Paul Polman, the ex-P&G executive now controversially installed as chief executive of Unilever, likes to think of himself as a “simple man” from a “simple town” and a “simple background”. “That’s why I like consumer goods,” he adds.

So I was somewhat surprised to find him in a more mystical frame of mind later in the FT article. There is, he says, more synergy between some of the company’s food and beauty brands than between its home and personal care brands. And he goes on to suggest, enigmatically, that some of the technologies developed for its tea and ice-cream products have applications in skin creams. “Inner beauty and outer beauty are closely related… we think that is a competitive advantage.”

Whatever does he mean?
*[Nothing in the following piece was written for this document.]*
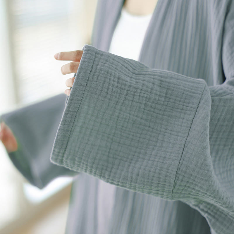 Kurtka z lnu bawełnianego z kieszeniami, z długim rękawem i motywem medytacji zen, z Buddha Stones - LightSteelBlue - US12, UK/AU16, EU44 (XL) - image 15

That Wall’s ice-cream has a secondary application as Dove hand lotion? Or that you can squirt Lynx in your tea and gain extra sex appeal?

I think not. Polman’s last job was as a senior executive at Nestlé, where he played an important role promoting it as a “nutrition, health and wellness” company rather than the un-PC confectionery-maker that we are all more accustomed to. As part of this corporate transformation, Nestlé has created an interesting joint-venture with L’Oréal, the cosmetics company which Nestlé part owns. Called Inneov, its nutraceutical products blend Nestle’s nutritional insights with L’Oréal’s dermatological research.

At the time of Inneov’s foundation, in 2002, Nestlé rightly claimed to have come up with an industry first. So, I am not entirely sure how Polman, in borrowing Nestlé’s strategy, thinks he is creating a “competitive advantage.”